— Work task —
Copy, word for word, the lines below from the one containing "Fleepmart Vintage Stainless" up to and including the one containing "- EASY TO CLEAN", with pictures left out.

— Working data —
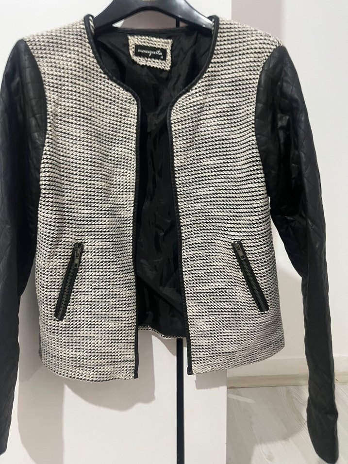 Gri sentetik kumaş gövde ve siyah deri görünümlü uzun kollara sahip, fermuarlı cepli, notched lapel yaka kadın ceket. Günlük sokak stiline uygun.
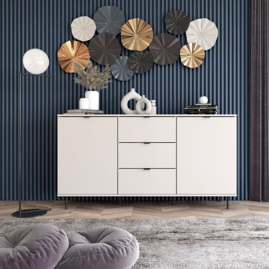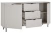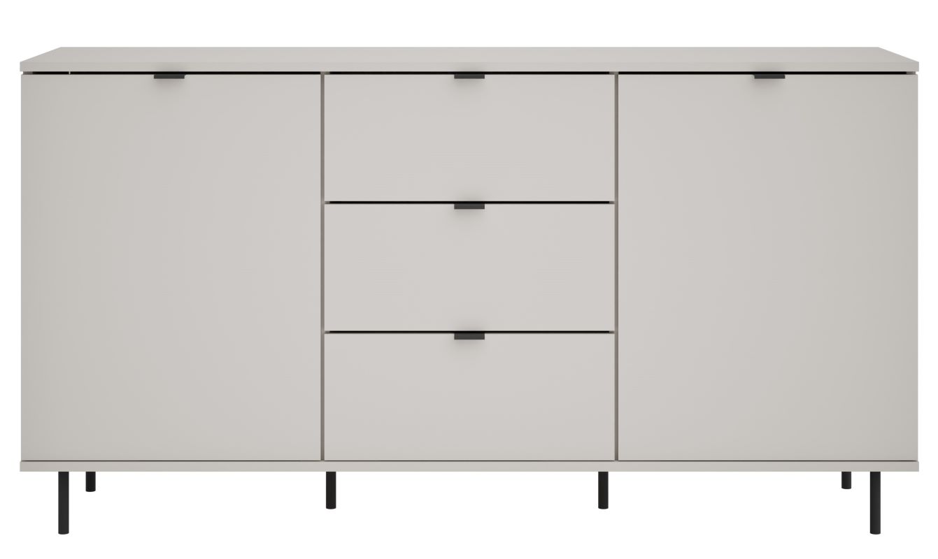 Komoda szeroka Galia 2D3S Typ 2 w kolorze kaszmir to elegancki i funkcjonalny mebel, który łączy klasyczny design z praktycznym zastosowaniem. W całości wykonana z płyty meblowej, zarówno fronty, jak i korpus posiadają matowe wykończenie, nadając komodzie subtelny i ponadczasowy charakter. Model wyposażono w dwudrzwiowe fronty oraz trzy pojemne szuflady z prowadnicami kulkowymi i funkcją cichego domyku, a wewnątrz znajdują się dwie półki, co zapewnia dodatkowe miejsce do przechowywania odzieży, akcesoriów i innych przedmiotów. Komoda stoi na solidnych metalowych nogach, a metalowe uchwyty szuflad podkreślają trwałość i estetykę mebla.
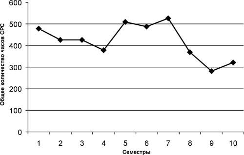 Рис. 1. Распределение общего количества часов самостоятельной работы студентов (CРC) за период их подготовки в вузе
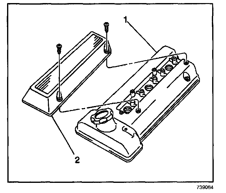 1. Remove the two fasteners and the ignition coil cover (2) from the valve cover (1).
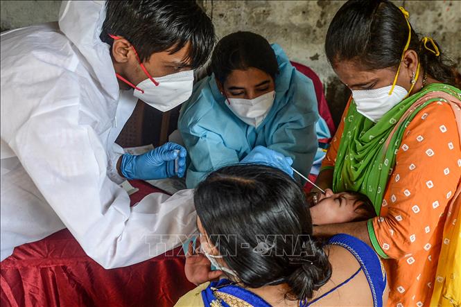 Nhân viên y tế lấy mẫu xét nghiệm COVID-19 tại Mumbai, Ấn Độ. Ảnh: AFP/TTXVN
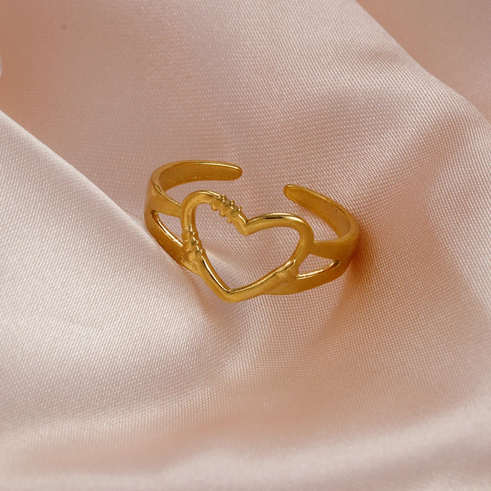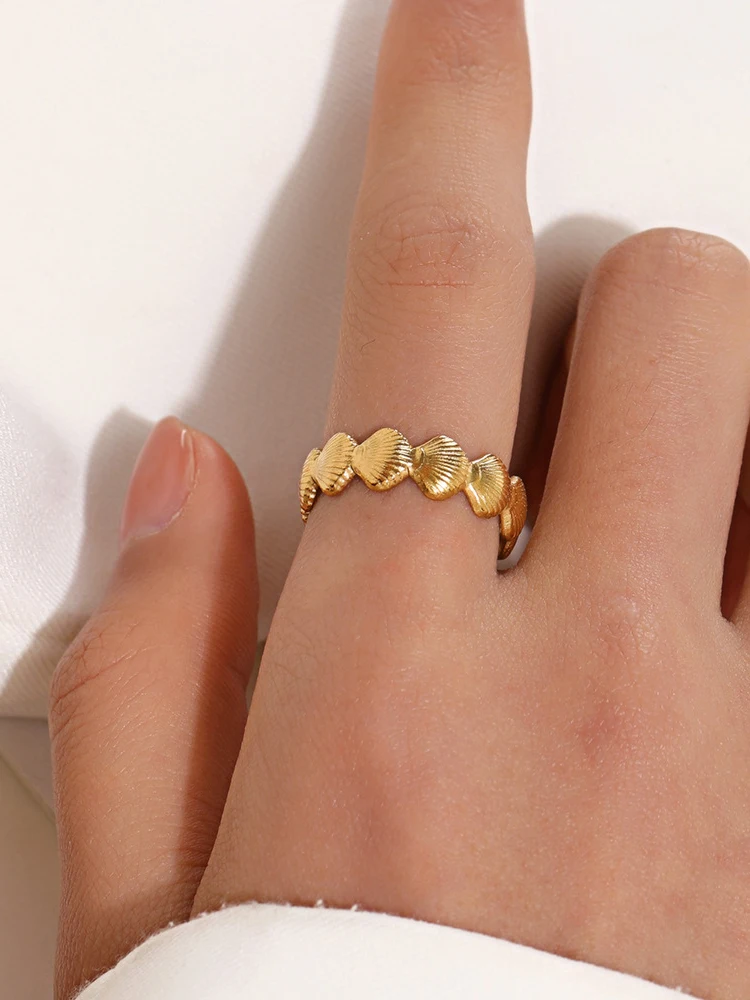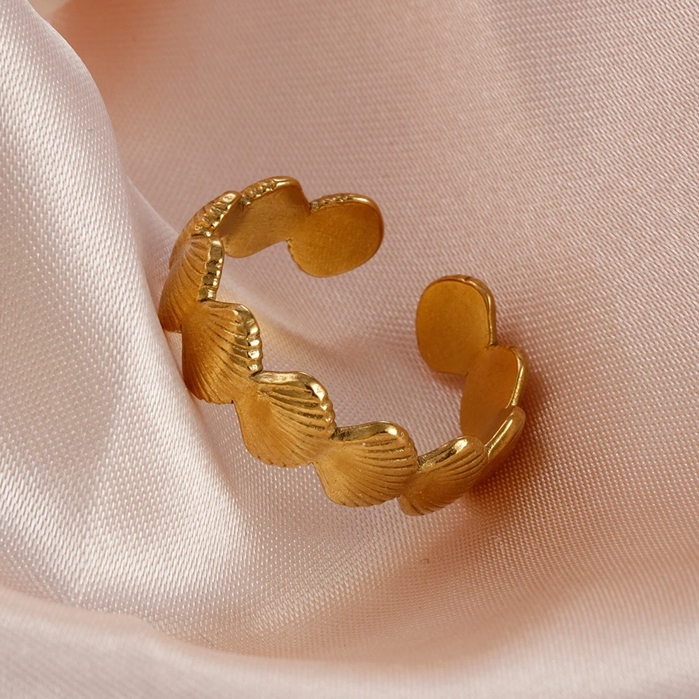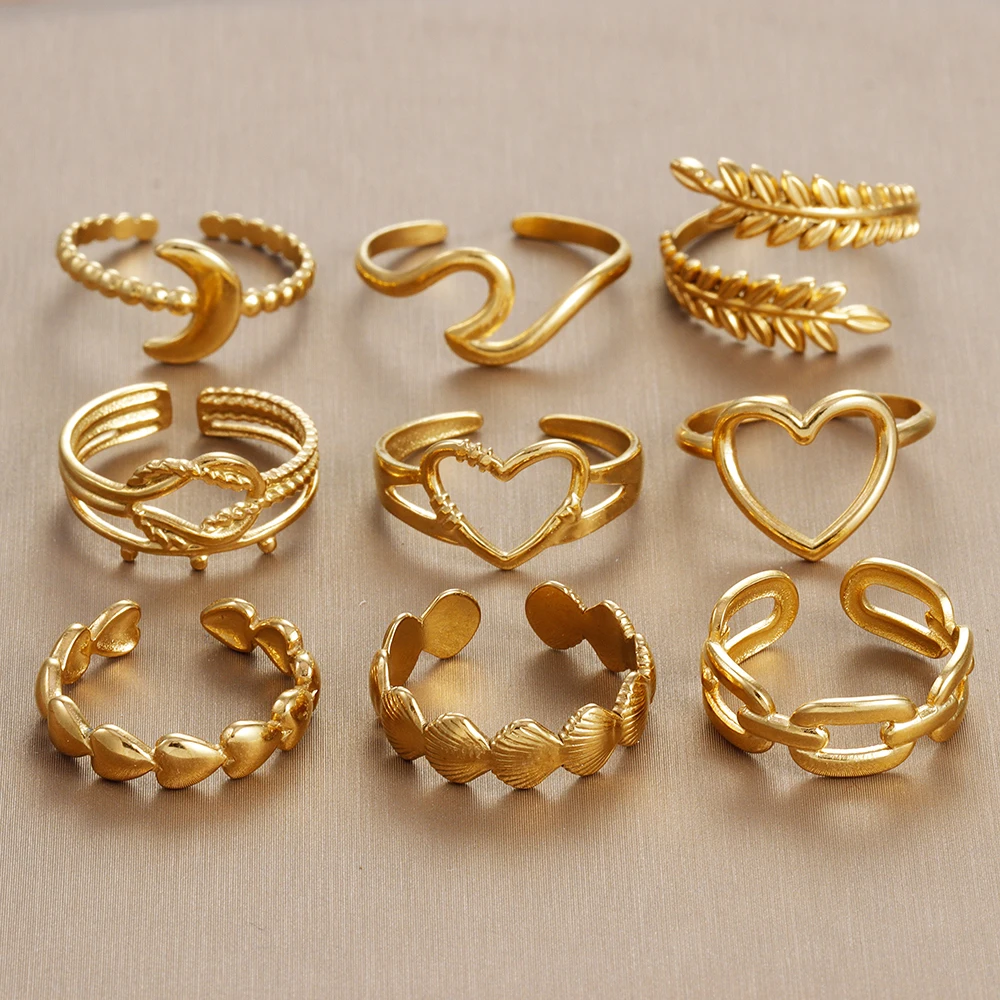 Fleepmart Vintage Stainless Steel Rings For Women Gold Color Leaf Moon Heart Shell Geometric Rings Retro Fashion Jewelry Gift
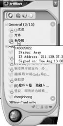 Trillian的最大好處就是整合了上述除QQ外的五大即時通訊產(chǎn)品。它不僅包括了好友上網(wǎng)提示、同一程序多重連接、表情圖示、對話記錄和離開/隱身等功能,還有統(tǒng)一的聯(lián)絡清單,讓用戶可以在一個界面內(nèi),同時看到不同通訊軟件的朋友的線上狀態(tài)。
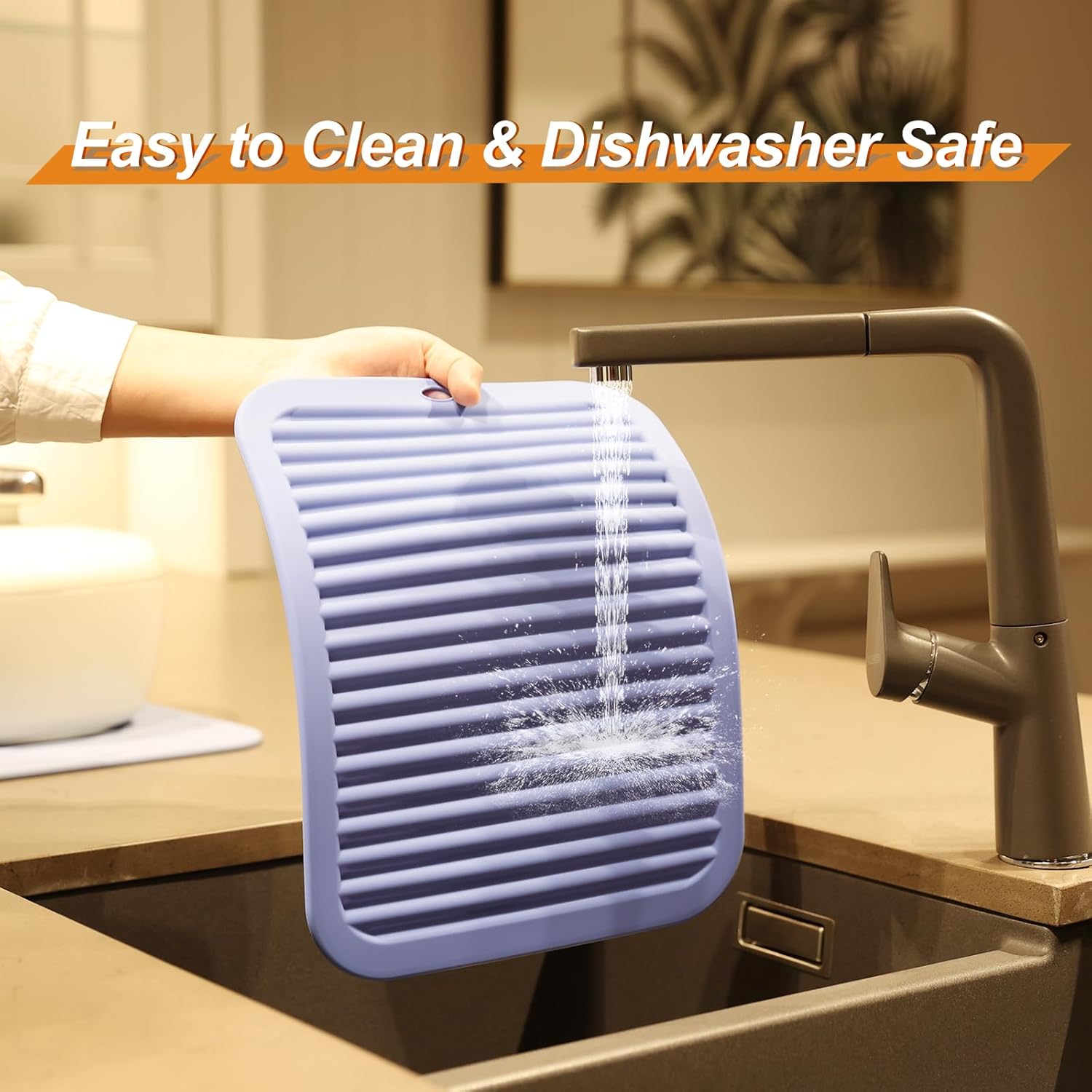 - EASY TO CLEAN & DISHWASHER SAFE - These trivets for quartz countertops are waterproof, plus stain and odor resistant. These kitchen hot pads are safe to pop in the dishwasher. It is non-stick and easy to clean. Roll up or hang on hook, save space. Experience a more convenient kitchen environment with these silicone trivet.
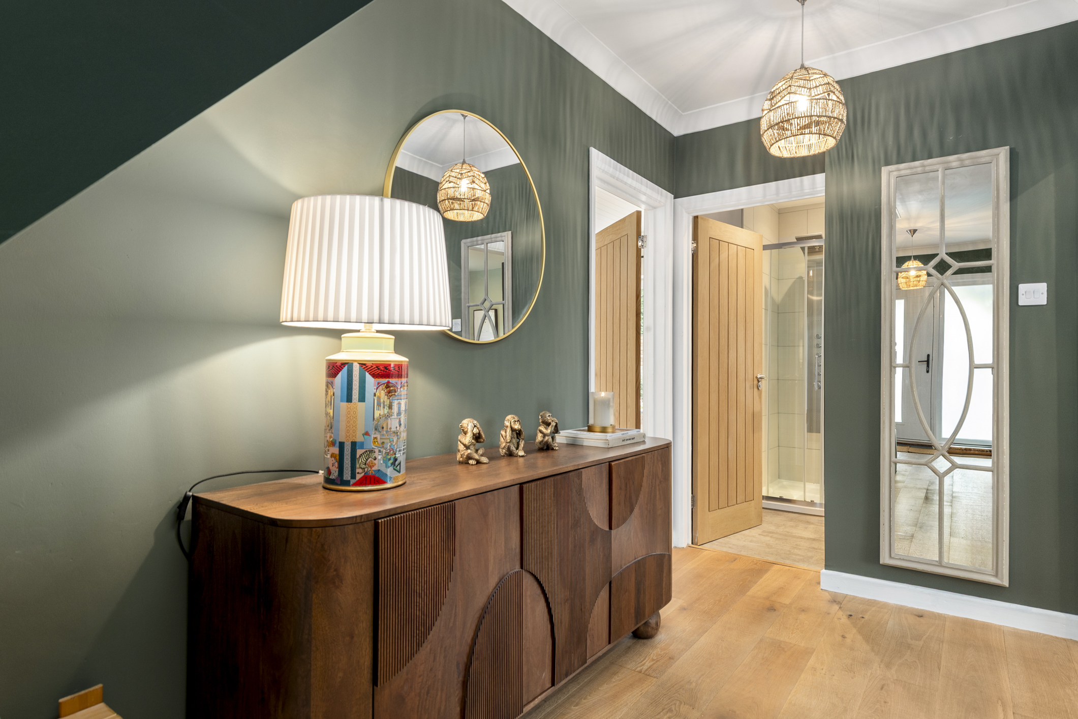 As you walk up the steps and step through the front door, you’re welcomed into a generous hallway. Perfect for kicking off flip-flops after a beach day or slipping out of walking boots after exploring the surrounding countryside. There’s ample space for coats, shoes, and all your outdoor essentials, ready for your next adventure.

— Answer space —
 Fleepmart Vintage Stainless Steel Rings For Women Gold Color Leaf Moon Heart Shell Geometric Rings Retro Fashion Jewelry Gift
 Trillian的最大好處就是整合了上述除QQ外的五大即時通訊產(chǎn)品。它不僅包括了好友上網(wǎng)提示、同一程序多重連接、表情圖示、對話記錄和離開/隱身等功能,還有統(tǒng)一的聯(lián)絡清單,讓用戶可以在一個界面內(nèi),同時看到不同通訊軟件的朋友的線上狀態(tài)。
 - EASY TO CLEAN & DISHWASHER SAFE - These trivets for quartz countertops are waterproof, plus stain and odor resistant. These kitchen hot pads are safe to pop in the dishwasher. It is non-stick and easy to clean. Roll up or hang on hook, save space. Experience a more convenient kitchen environment with these silicone trivet.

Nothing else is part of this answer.